■ Required action
The copy must match the data below line for line and contain no images.

■ Recorded information
============================================================
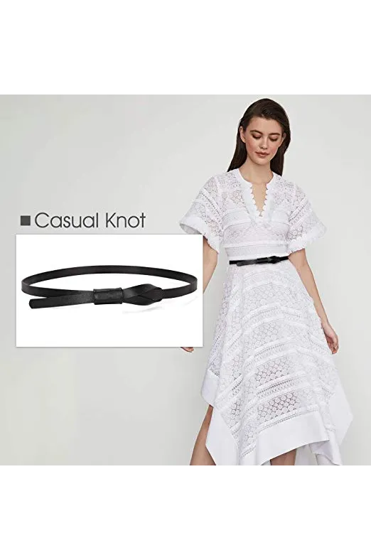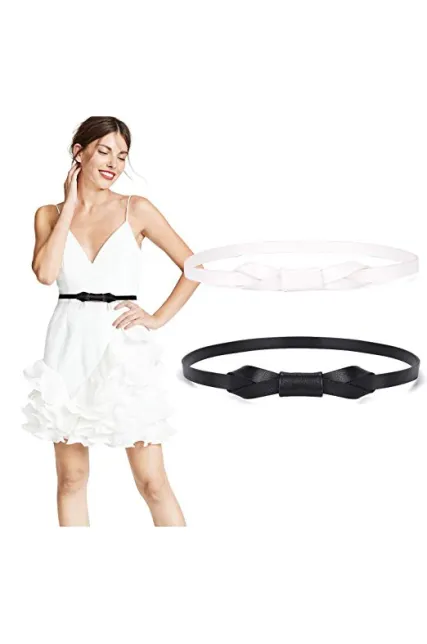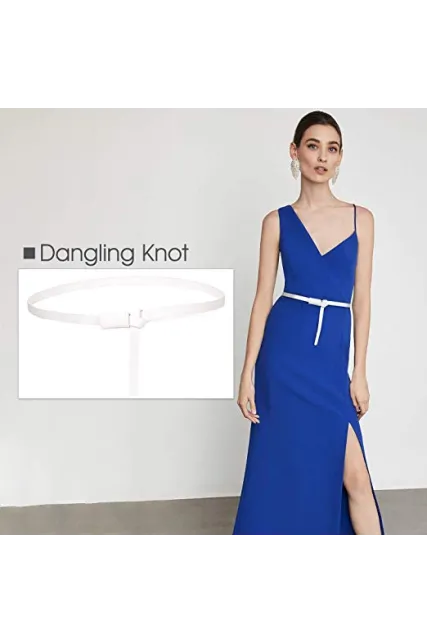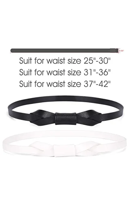 - How long and wide is this women belt?--- The skinny belt is suitable for waist size from 25”-41”, which covers the size from small size to plus size. Width 0.55 inch that is very skinny and thin for your dress.
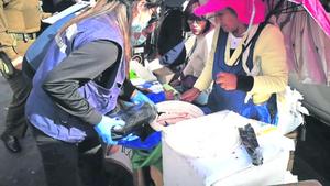 Decomisan 70 kilos de alimentos a comerciantes ambulantes en sector de la vega
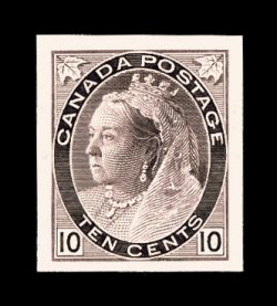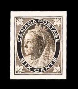787 P Unitrade #66P-73P imageUnitrade #66P-73P, 1/2c-10c Queen Victoria "Maple Leaf", plate proofs on India on original card backing cplt., well-matched set with large even margins, fresh bright colors, extremely fine; prior to the American Bank Note Co. archives sale plate proofs of this issue were of the greatest rarity with only a few known, some are still extremely scarce with only 171 of the 8c Orange and 235 of the 10c Brown violet, these figures being exceptionally small compared with the Jubilee issue for example. (imagea) (imageb) (Image) Unitrade C$1,950.00
============================================================
■ Response to this task
 - How long and wide is this women belt?--- The skinny belt is suitable for waist size from 25”-41”, which covers the size from small size to plus size. Width 0.55 inch that is very skinny and thin for your dress.
 Decomisan 70 kilos de alimentos a comerciantes ambulantes en sector de la vega
787 P Unitrade #66P-73P imageUnitrade #66P-73P, 1/2c-10c Queen Victoria "Maple Leaf", plate proofs on India on original card backing cplt., well-matched set with large even margins, fresh bright colors, extremely fine; prior to the American Bank Note Co. archives sale plate proofs of this issue were of the greatest rarity with only a few known, some are still extremely scarce with only 171 of the 8c Orange and 235 of the 10c Brown violet, these figures being exceptionally small compared with the Jubilee issue for example. (imagea) (imageb) (Image) Unitrade C$1,950.00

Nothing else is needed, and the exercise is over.